_EXERCISE OBJECTIVE:_ Only the lines below from the one containing "Nestled in the" through the one containing "- Auch der „Back-forward" belong in the answer, set down exactly, with the pictures left out.

_DATA EXTRACT:_
[Start of Attachment]
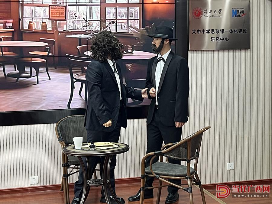 今年是马克思诞辰207周年,活动现场播放了学院师生以《资本论》《共产党宣言》等经典著作为蓝本创作的系列动画短视频《漫说·马克思》。视频采用“微动漫+叙事”形式,生动解读马克思主义的世界观和方法论,曾获评首届中国教育技术协会标杆案例。活动当天,学生们还表演了情景剧——《跨越时空的对话》,并诵读诗歌《你好,马克思!》。
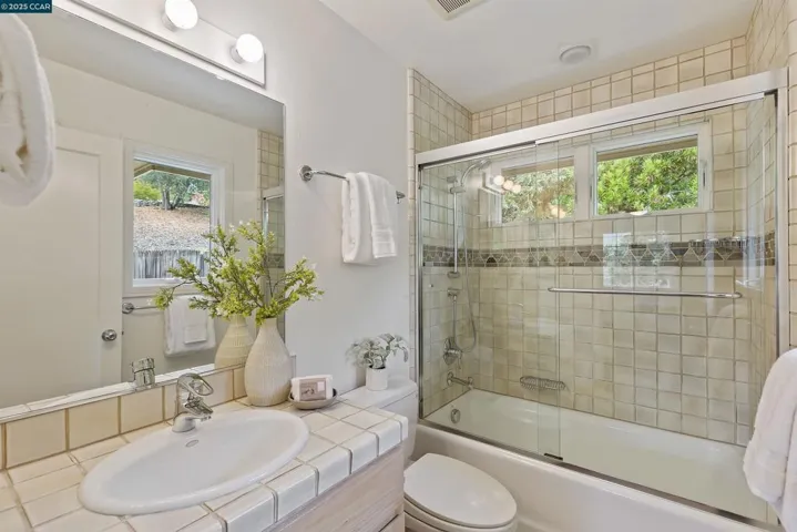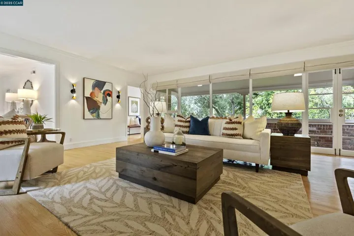 Nestled in the coveted Orinda Estates neighborhood, this beautifully maintained 4-bed, 4.5-bath home offers the perfect blend of privacy, mid-century charm, & modern living. Spanning 3,466 square feet, this light-filled residence features expansive living spaces with picturesque views of the rolling hills and Tilden Park. The heart of the home is the entertainer’s kitchen, which flows into the living and dining areas with easy access to both the front patio and rear lanai. Hardwood floors & large picture windows fill the home with light, creating a warm & inviting atmosphere. The spacious first-floor primary suite is thoughtfully separated, providing an ideal private retreat. A versatile additional room on this level – complete with a built-in Murphy bed, backyard access, & its own updated full bath – is perfect for a home office, guest suite, or flex space. Upstairs, the bedroom wing features two large en-suite bedrooms, each with updated baths, generous closets, & views. A 2-car attached garage leads to a bonus room, which has been used as an artist’s studio by the longtime owner. Outdoors, a low-maintenance backyard oasis awaits—surrounded by mature trees and lush landscaping. Ideally located for both convenience and tranquility, the home offers easy access to BART & Hwy24.
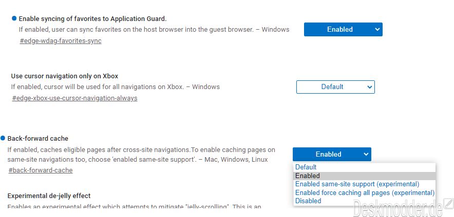 - Auch der „Back-forward cache“ kann in den Flags aktiviert werden. Damit kann der Cache auch bei Navigationen auf derselben Webseite aktiviert werden.
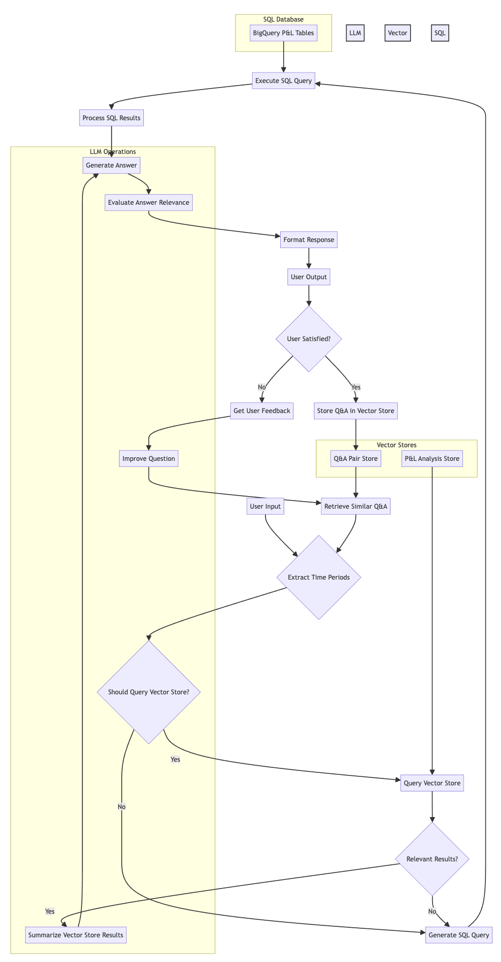 Vector Store (BigQuery): A BigQueryVectorStore table is used to store embeddings of pre-created P&L analysis texts, as shown in the SQL example below. This allows for efficient similarity search to quickly find relevant context for user questions. The table pl_reports_vector_storage holds these embeddings. A separate vector store, successful_qa_pairs, is used to store successful question-answer pairs for learning and improving the system's performance.
[End of Attachment]
_EXERCISE OUTPUT:_
 Nestled in the coveted Orinda Estates neighborhood, this beautifully maintained 4-bed, 4.5-bath home offers the perfect blend of privacy, mid-century charm, & modern living. Spanning 3,466 square feet, this light-filled residence features expansive living spaces with picturesque views of the rolling hills and Tilden Park. The heart of the home is the entertainer’s kitchen, which flows into the living and dining areas with easy access to both the front patio and rear lanai. Hardwood floors & large picture windows fill the home with light, creating a warm & inviting atmosphere. The spacious first-floor primary suite is thoughtfully separated, providing an ideal private retreat. A versatile additional room on this level – complete with a built-in Murphy bed, backyard access, & its own updated full bath – is perfect for a home office, guest suite, or flex space. Upstairs, the bedroom wing features two large en-suite bedrooms, each with updated baths, generous closets, & views. A 2-car attached garage leads to a bonus room, which has been used as an artist’s studio by the longtime owner. Outdoors, a low-maintenance backyard oasis awaits—surrounded by mature trees and lush landscaping. Ideally located for both convenience and tranquility, the home offers easy access to BART & Hwy24.
 - Auch der „Back-forward cache“ kann in den Flags aktiviert werden. Damit kann der Cache auch bei Navigationen auf derselben Webseite aktiviert werden.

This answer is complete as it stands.